Sarah Shrum Davis had a winding path to discover her love of epidemiology, but now works as a coordinator for the New Mexico Emerging Infections Program. Hand in hand with the CDC, Shrum Davis and the EIP team monitor infectious diseases and have been specifically researching more information on and relating to the coronavirus.
After graduating from the University of Georgia, Shrum Davis moved to New Mexico and worked in a wide variety of fields, from zookeeping to mental health to education. However, once she discovered the field of epidemiology, she never looked back.
“Once I stumbled across epidemiology, everything just sort of clicked for me, and I absolutely fell in love with it and I knew that it was what I wanted to do for the rest of my career,” Shrum Davis said.
At UNM, Shrum Davis graduated with a Master of Public Health with a concentration in epidemiology. While attending school for this, Shrum Davis was a student employee with EIP from 2012 to 2016.

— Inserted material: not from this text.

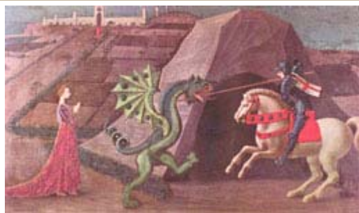
Святой Джордж убивает дракона. Картина Паоло Уккело, 1470 г.

“I’ve known her work from the beginning and have always been impressed by it,” EIP director Sarah Lathrop said.
After graduating from UNM, Shrum Davis spent four years working for the New Mexico Department of Health Infectious Disease Bureau but came back to UNM’s Health Sciences Center to work with EIP.
“The thing that I love about epidemiology is that I can use science to help people,” Shrum Davis said.
Shrum Davis started working with EIP in March 2020, right before the University shut down due to the COVID-19 pandemic. Because of the pandemic, the focus of EIP shifted heavily to analyzing COVID-19, but the program also analyzes its impact on other diseases as well.
“I’m just so proud of the work that (EIP) is doing,” Shrum Davis said. “Every one of our staff has been co-authored on an article at least once in the last year. And we’ve been able to continue our high-quality surveillance for infectious diseases, both COVID and non-COVID.”
For Shrum Davis herself, the shutdown was difficult. While she worked 80-hour weeks, her husband had to shift to a virtual school education, and both of them had to watch their three year old child at home since daycares also shut down.
“The pandemic has impacted everyone,” Shrum Davis said. “I don’t know a single person who hasn’t had to change their work, change the way they’re living, who hasn’t lost someone, over the course of this whole thing.”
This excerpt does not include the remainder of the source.